False Postivie Rate Feature Selection

Description

Calculate the False Positive Rate (FPR) for each feature using it's selection frequency

Usage

fpr_fs(x)

Arguments

x

a randomForest or ranger object

Value

a tibble of selection frequencies and their false positive rate

Author(s)

Jasen Finch jsf9@aber.ac.uk

Examples

library(randomForest)
data(iris)
iris.rf <- randomForest(iris[,-5], iris[,5], forest = TRUE)

iris.features <- fpr_fs(iris.rf)
print(iris.features)

Variable Selection Frequencies

Description

Extract variable selection frequencies from randomForest and ranger model objects

Usage

selection_freqs(x)

Arguments

x

a randomForest or ranger object

Value

tibble of variable selection frequencies

Examples

library(randomForest)
data(iris)
iris.rf <- randomForest(iris[,-5], iris[,5], forest = TRUE)

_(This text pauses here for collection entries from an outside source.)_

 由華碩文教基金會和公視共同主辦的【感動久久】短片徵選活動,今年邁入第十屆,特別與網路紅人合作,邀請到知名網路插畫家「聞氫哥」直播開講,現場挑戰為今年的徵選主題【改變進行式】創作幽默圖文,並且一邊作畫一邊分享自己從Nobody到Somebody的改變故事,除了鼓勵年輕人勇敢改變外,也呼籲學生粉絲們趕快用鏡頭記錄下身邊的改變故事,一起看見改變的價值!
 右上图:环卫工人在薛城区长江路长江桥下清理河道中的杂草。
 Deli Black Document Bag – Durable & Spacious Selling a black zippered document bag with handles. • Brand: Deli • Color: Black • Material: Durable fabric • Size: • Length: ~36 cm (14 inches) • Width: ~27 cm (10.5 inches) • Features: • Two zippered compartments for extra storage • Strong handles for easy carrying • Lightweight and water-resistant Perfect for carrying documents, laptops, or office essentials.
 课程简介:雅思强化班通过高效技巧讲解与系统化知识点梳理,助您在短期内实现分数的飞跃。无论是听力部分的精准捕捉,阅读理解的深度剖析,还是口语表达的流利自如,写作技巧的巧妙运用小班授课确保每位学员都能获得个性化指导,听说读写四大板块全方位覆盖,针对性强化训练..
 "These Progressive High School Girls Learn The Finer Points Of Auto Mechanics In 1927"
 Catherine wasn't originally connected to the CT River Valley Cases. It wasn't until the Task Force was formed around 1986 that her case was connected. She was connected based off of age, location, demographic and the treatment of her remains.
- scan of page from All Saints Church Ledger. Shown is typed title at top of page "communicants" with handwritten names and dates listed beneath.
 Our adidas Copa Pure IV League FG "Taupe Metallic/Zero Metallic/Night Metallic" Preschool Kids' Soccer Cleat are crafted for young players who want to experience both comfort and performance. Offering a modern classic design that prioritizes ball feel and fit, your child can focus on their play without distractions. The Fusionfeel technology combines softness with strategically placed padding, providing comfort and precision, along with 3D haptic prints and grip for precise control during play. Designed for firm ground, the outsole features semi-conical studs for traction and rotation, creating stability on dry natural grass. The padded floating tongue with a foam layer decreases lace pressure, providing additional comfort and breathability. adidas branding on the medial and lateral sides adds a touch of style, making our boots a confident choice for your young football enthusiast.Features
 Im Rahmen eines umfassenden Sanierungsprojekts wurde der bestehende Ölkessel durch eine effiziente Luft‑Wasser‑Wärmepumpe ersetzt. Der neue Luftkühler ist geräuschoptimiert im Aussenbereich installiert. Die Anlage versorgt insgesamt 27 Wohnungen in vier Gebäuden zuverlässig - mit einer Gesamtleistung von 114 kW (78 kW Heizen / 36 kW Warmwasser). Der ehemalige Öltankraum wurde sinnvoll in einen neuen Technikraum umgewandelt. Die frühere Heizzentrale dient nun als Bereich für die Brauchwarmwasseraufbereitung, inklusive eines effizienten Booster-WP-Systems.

iris.freqs <- selection_freqs(iris.rf)
print(iris.freqs)

Selection Frequency Threshold

Description

Determine the selecton frequency threshold of a model at a specified false positive rate

Usage

sft(x, alpha)

Arguments

x

a randomForest or ranger object

alpha

a false positive rate (ie, 0.01)

Value

a list of two elements

sft Tthe selection frequency threshold
probs_atsft The esimated false positive rate

Author(s)

Tom Wilson tpw2@aber.ac.uk

Examples

library(randomForest)
data(iris)
iris.rf <- randomForest(iris[,-5], iris[,5], forest = TRUE)

# For a false positive rate of 1%
iris.sft <- sft(iris.rf, 0.01)
print(iris.sft)

# To iterate through a range of alpha values

alpha <- c(0.01,0.05, 0.1,0.15,0.2, 0.25)
threshold <- NULL
for(i in seq_along(alpha)){
    threshold[i] <- sft(iris.rf, alpha[i])$sft
}

plot(alpha, threshold, type = 'b')